Other Unexplained Changes

The Update and the Annual Financial Report list a number of accounting changes and accrual adjustments affecting the outcome for 2009-10 and projections for the outer years. However, little or no details are provided on their impacts. For example, the reclassification of the Canadian Commercial Corporation is estimated to have increased program expenses by about $1.5 billion per year. The impact on “other revenues” is stated to be about the same. However, when one adjusts for the impact of the Canadian Commercial Corporations, there is a large shortfall from the March 2010 Budget projections, amounting to $3.2 billion in 2012-13, which is not adequately explained.

The same is true for direct program expenses, were transfer payments are $2 billion lower in 2014-15 than in the March 2010 Budget, after adjusting for the new policy measures. No reason is given.

The prime reason for the higher-than-expected deficit in 2009-10 and lower deficit in 2010-11 was attributed to a change in the timing in the recognition of the accrual for the transitional assistance payments to Ontario and British Columbia for the harmonization of their sales taxes with the GST. This change in timing should have been recognized well in advance of the finalizing of the 2009-10 financial statements and undermines the credibility of current fiscal information. From the time these agreements were signed, the Department of Finance should have recognized the risks and have been in ongoing consultations with the Office of the Auditor General. The importance of such discussions was one of the key recommendations of June 2005 report entitled Canadian Federal Fiscal Forecasting Processes and Systems by Dr. Tim O’Neill.

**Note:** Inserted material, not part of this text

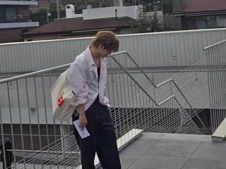 In the photo, Yim Siwan is wearing a pink shirt and leaning on the railing of a rooftop, staring off into the distance.

The Annual Financial Report presents a summary table of the fiscal impact of the measures under the Economic Action Plan. On an accrual basis, the fiscal impact is estimated at $21.0 billion for 2009-10. In the March 2010 Budget, the accrual impact for 2009-10 was estimated at $25.9 billion (see Table 2). There no reconciliation of this difference and how it impacts on the final outcome for 2009-10.

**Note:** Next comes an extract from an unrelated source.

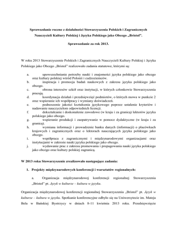 Sprawozdanie roczne z działalności Stowarzyszenia Polskich i Zagranicznych Nauczycieli Kultury Polskiej i Języka Polskiego jako Obcego „Bristol”. Sprawozdanie za rok 2013. W roku 2013 Stowarzyszenie Polskich i Zagranicznych Nauczycieli Kultury Polskiej i Języka Polskiego jako Obcego „Bristol” realizowało zadania statutowe, którymi są: a. b. c. d. e. f. g. h. i. j. upowszechnianie potrzeby nauki i znajomości języka polskiego jako obcego oraz kultury polskiej wśród Polonii i cudzoziemców. inspiracja i promocja badań naukowych z zakresu języka polskiego jako obcego. obrona interesów szkół oraz instytucji, w których członkowie Stowarzyszenia pracują. koordynacja działań i przedsięwzięć podmiotów, o których mowa w punkcie 2 oraz wspieranie ich współpracy i wymiany doświadczeń. podnoszenie jakości kształcenia językowego poprzez ustalenie kryteriów i nadawanie nauczycielom odpowiednich licencji. dokształcanie i doskonalenie zawodowe (w kraju i za granicą) lektorów języka polskiego jako obcego. wspieranie produkcji i zaopatrywanie w pomoce dydaktyczne (w kraju i za granicą). wymiana informacji i prowadzenie banku danych (informacji) o placówkach krajowych i zagranicznych oraz o lektorach nauczających języka polskiego jako obcego. współpraca z zagranicznymi i międzynarodowymi organizacjami oraz instytucjami w zakresie nauki języka polskiego jako obcego. wydawanie prac z zakresu promowania i propagowania nauki języka polskiego jako obcego oraz kultury polskiej zagranicą. W 2013 roku Stowarzyszenie zrealizowało następujące zadania: 1. Projekty międzynarodowych konferencji i warsztatów regionalnych: a. Organizacja międzynarodowej konferencji regionalnej Stowarzyszenia „Bristol” pt. Język w kulturze – kultura w języku. Organizacja międzynarodowej konferencji regionalnej Stowarzyszenia „Bristol” pt. Język w kulturze – kultura w języku. Spotkanie konferencyjne odbyło się na Uniwersytecie im. Mateja Bela w Bańskiej Bystrzycy w dniach 8-11 kwietnia 2013 roku. Przedsięwzięcie współorganizowane było przez Instytut Polski w Bratysławie, Centrum Języka i Kultury Polskiej i Katedrę Języków Słowiańskich Wydziału Nauk Humanistycznych UMP oraz Szkołę Języka i Kultury Polskiej Uniwersytetu Śląskiego. Stowarzyszenie pozyskało środki na organizację projektu. W spotkaniu naukowym na Słowacji wzięli udział członkowie Stowarzyszenia „Bristol”: prof. UŚ, dr hab. Jolanta Tambor (UŚ), prof. UŚ, dr hab. Romuald Cudak (UŚ), prof. dr hab. Laszlo Nagy (Uniwersytet w Debreczynie), prof. dr hab. Piotr Horbatowski (UJ), dr hab. Anna Seretny (UJ), dr Liliana Madelska (Uniwersytet Wiedeński), dr Anna Butcher (UMCS), dr Gabriela Olchowa (UMB), dr Aleksandra Achtelik (UŚ), dr Marcin Maciołek (UŚ). Ponadto w konferencji uczestniczyli przedstawiciele polonistyk działających na Słowacji (Uniwersytet w Bratysławie, Uniwersytet w Preszowie), poloniści z polskich jednostek akademickich (Uniwersytet w Rzeszowie). Dodatkowo, odbyły się warsztaty z języka i kultury polskiej dla studentów słowackich polonistyk. Inaugurację konferencji zaszczycił swą obecnością Tomasz Chłoń, ambasador RP na Słowacji i Andrzej Jagodziński, dyrektor Instytutu Polskiego w Bratysławie. W czasie konferencji odbyło się także spotkanie promujące działalność Stowarzyszenia „Bristol” połączone z prezentacją multimedialną. Szczegółowe informacje o projekcie zostały pomieszczone na stronach internetowych Stowarzyszenia. b. Organizacja międzynarodowych warsztatów języka i kultury polskiej dla nauczycieli jpjo pracujących na terenie Rosji. Organizacja międzynarodowych warsztatów języka i kultury polskiej dla nauczycieli jpjo pracujących na terenie Rosji. Warsztaty odbyły się w Tomsku w dniach 11-12 października 2013 roku. W spotkaniu wzięli udział nauczyciele języka polskiego w Rosji z obwodu moskiewskiego i irkuckiego. Warsztaty zostały zorganizowane przez Konsulat RP w Irkucku, Stowarzyszenie „Bristol” Polskich i Zagranicznych Nauczycieli Kultury Polskiej i Języka Polskiego jako Obcego, Szkołę Języka i Kultury Polskiej Uniwersytetu Śląskiego, Tomski Państwowy Uniwersytet Pedagogiczny oraz Centrum Języka Polskiego i Kultury w Tomsku. W projekcie wzięło udział 48 nauczycieli uczących języka polskiego w szkołach, centrach kultury polskiej i stowarzyszeniach polonijnych działających w obwodzie irkuckim i moskiewskim. Program warsztatów przygotowany przez Stowarzyszenie „Bristol” Polskich i Zagranicznych Nauczycieli Kultury Polskiej i Języka Polskiego jako Obcego oraz Szkołę Języka i Kultury Polskiej Uniwersytetu Śląskiego przeprowadziły: mgr Urszula Dobesz, mgr Kinga Groszewska, dr Małgorzata Smereczniak. Poszczególne spotkania warsztatowe były poświęcone m.in. zagadnieniom promocji języka polskiego, sposobom wprowadzania na lekcjach języka polskiego jako obcego elementów z zakresu realioznawstwa i kultury polskiej, wykorzystywaniu na zajęciach lektoratowych gier i zabaw dydaktycznych oraz materiałów multimedialnych, doskonaleniu umiejętności pisania. Ponadto odbyło się spotkanie promujące działalność Stowarzyszenia „Bristol” oraz działalność Szkoły Języka i Kultury Polskiej Uniwersytetu Śląskiego, która współorganizowała przedsięwzięcie. Wszystkie spotkania miały charakter warsztatowy, co dało możliwość aktywnego uczestnictwa biorącym w nich udział nauczycielom, prowadzącym zaś pozwoliło poszerzyć możliwość uaktywniania uczestników, a prowadzący mogli poszerzyć swą wiedzę na temat specyfiki pracy nauczycieli we Wschodniej Rosji. W części warsztatów brał udział również Marek Zieliński, konsul generalny RP w Irkucku oraz Joanna Szeliga, wicekonsul RP w Irkucku. Przedstawiciele władz konsularnych nie tylko obserwowali zajęcia prowadzone przez wykładowców z Polski, ale uczestniczyli także w spotkaniu prezentu

It should have included a credible Deficit Planning Track

The first panel of Table 3 summarizes the changes in the budgetary balance from the March 2010 Budget to the October 2010 Update as presented in the Update. The second panel makes adjustments for less than favourable economic developments to 2014 and for EI premium rate assumptions. The net impact of these adjustments is to increase the October 2010 Update deficit by $3.1 billion in 2011-12, rising to $12.4 billion in 2014-15. Under this scenario, a balanced budget would not be attained in 2015-16.

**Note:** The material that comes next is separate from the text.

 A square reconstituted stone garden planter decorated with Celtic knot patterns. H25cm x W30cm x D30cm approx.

The third panel decomposes the revised budgetary balances into its structural and cyclically components. The structural deficit is based on PBO’s estimates, adjusted for policy decisions in the March 2010 Budget and October 2010 Update. The structural deficit is estimated at about $15 billion annually. By 2012-13 the structural deficit, or second wave as the PBO describes it , will begin to overtake the declining cyclical balance. It is not possible to eliminate a structural deficit through growth since it is not possible for an economy to continue to grow above it potential. Ultimately, a structural deficit can only be eliminated through higher revenues and/or cuts to program expenses.

Eventually both the Conservatives and Liberals are going to have to face this choice. Do you eliminate the structural deficit by downsizing the Federal government through the complete elimination of federal programs and restraining the growth in provincialtransfers. Alternatively, do you maintain, and perhaps even expand the role of the federal government through a combination of higher revenues and spending restraint?